Too Many Fields (cont)

@drewmiranda-gl
Following on from Too many fields - Graylog Central (peer support) - Graylog Community

We’ve finally managed to get time/paperwork in place to run the python script. Unfortunately when I run the script I just get some blue text giving me the URL I’ve just typed in, nothing else seems to happen.

I’ve run the script as you demonstrated, doing so without username/password resulted in a 401 error and crash.

python3 es-os-count-field-usage.py --api-url https://username:password@server.domain.com:9200

Looking into this. My assumption is the script naively takes the URL and executes the web requests based on that. I’m working on getting my lab up and running with opensearch TLS (running into some issues that a coworker will help me with tomorrow :slight_smile: )
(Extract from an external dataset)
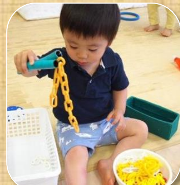
ホースで作ったトングで物をつまむ
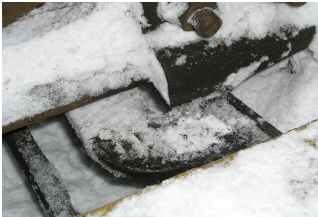
4. pohled na poškozený hákový závěr výhybky č. 15 žst Bystřice nad Olší, svěrací čelist bez dolní pracovní části (stav po vykolejení)

Sorry for the delay, it took some doing to get a working OpenSearch cluster with TLS :slight_smile:

I added updates to the script:

  • Allow disabling TLS verification (to accept privately signed or self signed certs)
  • Allow specifying a username/password to use for HTTP basic auth
  • Suppress TLS warnings

An example using the updated arguments:

python3 es-os-count-field-usage.py --api-url https://192.168.0.2:9200/ --no-verify --username admin --password admin

change the --api-url, --username, and --password arguments to meet your needs.

1 Like

Sorry @drewmiranda-gl another error. Appears to be an issue with --no-verify.

line 16
Attribute error: Module 'argparse' has no attribute 'BooleanOptionalAction'

I have noticed there are quite a lot of replicated fields within single winlogbeat logs, it looks like a Graylog problem as they’re not documented Beats fields but I can’t find anything in the GL documentation either. I can’t fix this easily in Beats processors or Pipelines as there are just too many logs with this issue (and each are potentially slightly different).

e.g.
winlogbeat_event_code (not documented in Beats)
winlogbeat_winlog_event_id (is documented in Beats)

winlogbeat_event_provider (not documented in Beats)
winlogbeat_winlog_event_provider (is documented in Beats)

I believe the minimum required python is 3.9.

Alternatively you can remove the arg and manually set the verify property in the python file.

Can you clarify what you mean by “not documented in beats”? Beats collect log data but there isn’t any standard or exhaustive list of each and every possible field.

Part of what is happening is that graylog is prepending winlogbeat_ (depends on the beat type, filebeat would be filebeat_) to every field name. So winlogbeat_event_code is originally event_code

Hope that helps.

@drewmiranda-gl we’re using Ubuntu Server 22.04 so the Python version is 3.10.

I understand how Graylog prepends things to the fields, we’ve been running Graylog for some years now.

event_code isn’t a documented beats log field.

winlog_event_id is a documented beats log field.

I was wondering whether event_code is a Graylog addition as it doesn’t appear to be a winlogbeat field. I’m trying to identify where some of these replica fields are coming from.

By default graylog does not add any fields (beyond some meta data fields that start with gl2_). If fields exist it will be for a couple of reasons:

  • the original message contained them
  • a pipeline rule (or extractor) created them

Assuming you don’t have any pipeline/extractors that are adding that field i would bet its coming from the beat agent.

This topic was automatically closed 14 days after the last reply. New replies are no longer allowed.